[[ Dataset open ]]

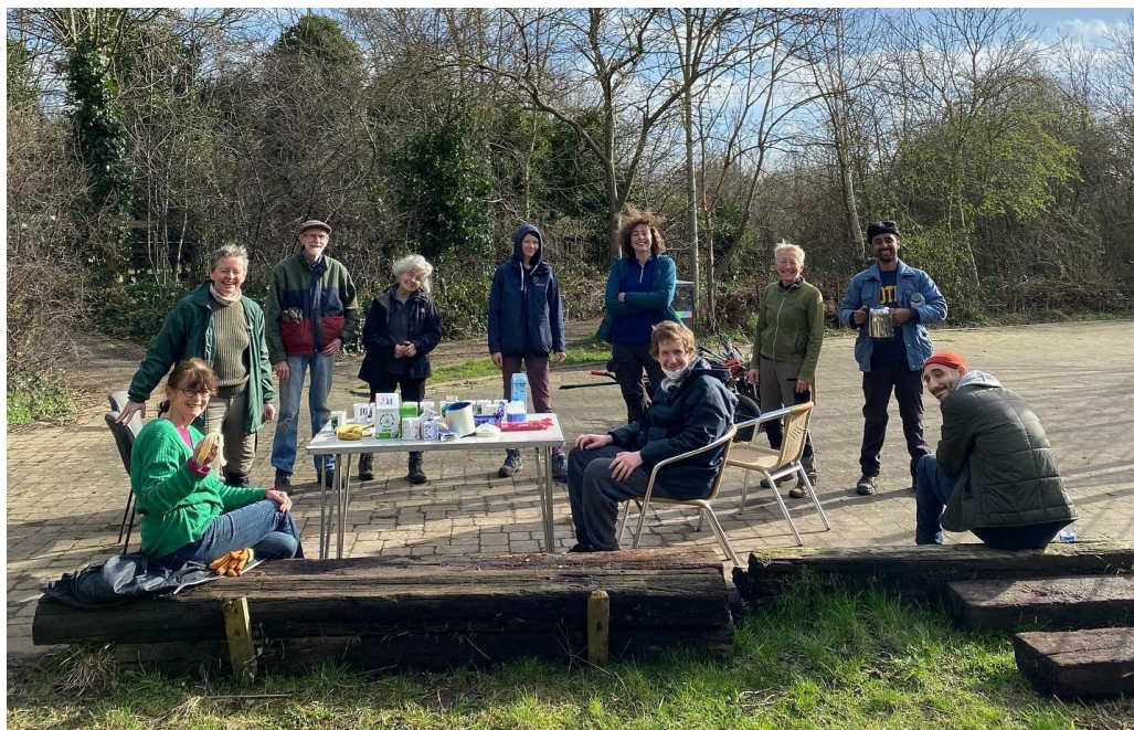
Volunteers enjoying tea and biscuits at The Paddock N17 . Cabins, toilets, drinking water, kettle, fridge and more are now available on site! Come along on Wednesdays and Fridays to check it out.

Wear suitable outdoor clothing and sturdy footwear. Bring a packed lunch.
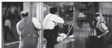
Figure 10.92 Fuller combines modular composition, edge framing, and distant depth in Forty Guns (1957).
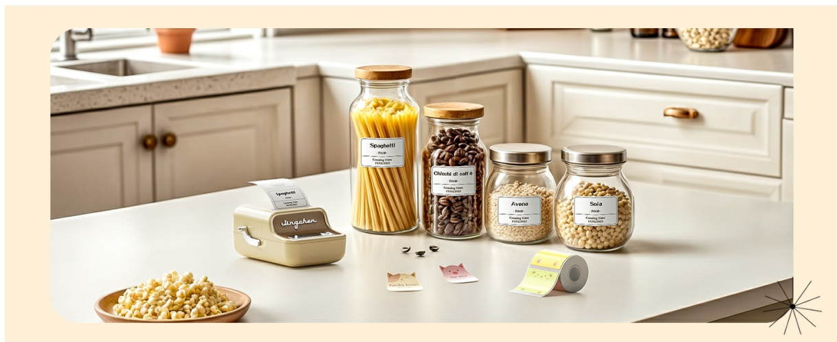
Image: A kitchen scene featuring labeled glass jars on a countertop, demonstrating the use of the B21 Pro for pantry organization.
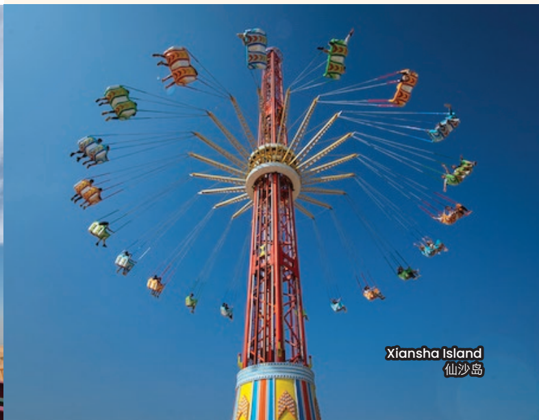
Xiansha Island 仙沙岛

[[ Dataset closed ]]

Would it be possible to print the records above verbatim, pictures omitted?

Volunteers enjoying tea and biscuits at The Paddock N17 . Cabins, toilets, drinking water, kettle, fridge and more are now available on site! Come along on Wednesdays and Fridays to check it out.

Wear suitable outdoor clothing and sturdy footwear. Bring a packed lunch.
Figure 10.92 Fuller combines modular composition, edge framing, and distant depth in Forty Guns (1957).
Image: A kitchen scene featuring labeled glass jars on a countertop, demonstrating the use of the B21 Pro for pantry organization.
Xiansha Island 仙沙岛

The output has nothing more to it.